To do: Leave every picture out. Set down all the lines below exactly.

Data block:
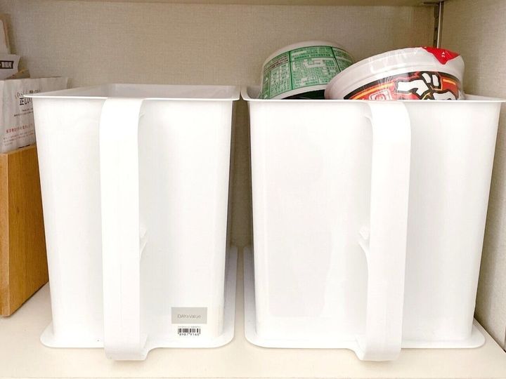 わが家は吊戸棚はないのですが、キッチン横の収納棚で大活躍!お菓子とカップ麺を入れています。お値段もお手頃で「お値段以上ニトリ!」ですね。買って損なしの収納グッズです。
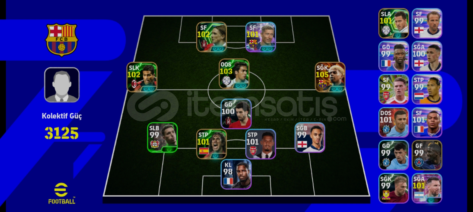 Efotball mobile satlık hesap 3125 kg tek bağ
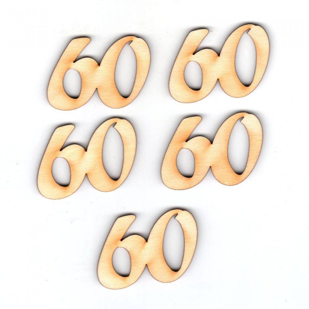 Die Zahl 60 aus 3 mm dickem Birkenholz einer Höhe von 150 mm und einer Breite von 202 mm, inklusive ..
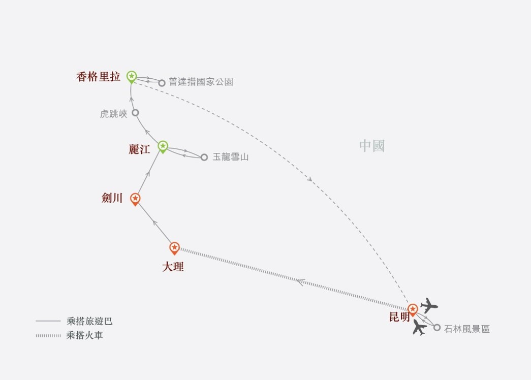 精心安排從昆明到大理,再到劍川、麗江、香格里拉,不走回頭路,讓客人慢慢適應高原環境;額外包乘鐵道列車由昆明前往大理,內陸機由香格里拉飛返昆明,節省約十多小時車程;遊覽玉龍雪山,保證乘扇子陡大索道前往海拔4506米之冰川公園,是玉龍雪山現代冰川的典型代表;欣賞世界高海拔的歌舞劇《印象麗江》表演,由著名導演張藝謀執導,融匯極致的視覺與震撼聲樂,集中展現原生態的民俗風貌。

Answer area:
 わが家は吊戸棚はないのですが、キッチン横の収納棚で大活躍!お菓子とカップ麺を入れています。お値段もお手頃で「お値段以上ニトリ!」ですね。買って損なしの収納グッズです。
 Efotball mobile satlık hesap 3125 kg tek bağ
 Die Zahl 60 aus 3 mm dickem Birkenholz einer Höhe von 150 mm und einer Breite von 202 mm, inklusive ..
 精心安排從昆明到大理,再到劍川、麗江、香格里拉,不走回頭路,讓客人慢慢適應高原環境;額外包乘鐵道列車由昆明前往大理,內陸機由香格里拉飛返昆明,節省約十多小時車程;遊覽玉龍雪山,保證乘扇子陡大索道前往海拔4506米之冰川公園,是玉龍雪山現代冰川的典型代表;欣賞世界高海拔的歌舞劇《印象麗江》表演,由著名導演張藝謀執導,融匯極致的視覺與震撼聲樂,集中展現原生態的民俗風貌。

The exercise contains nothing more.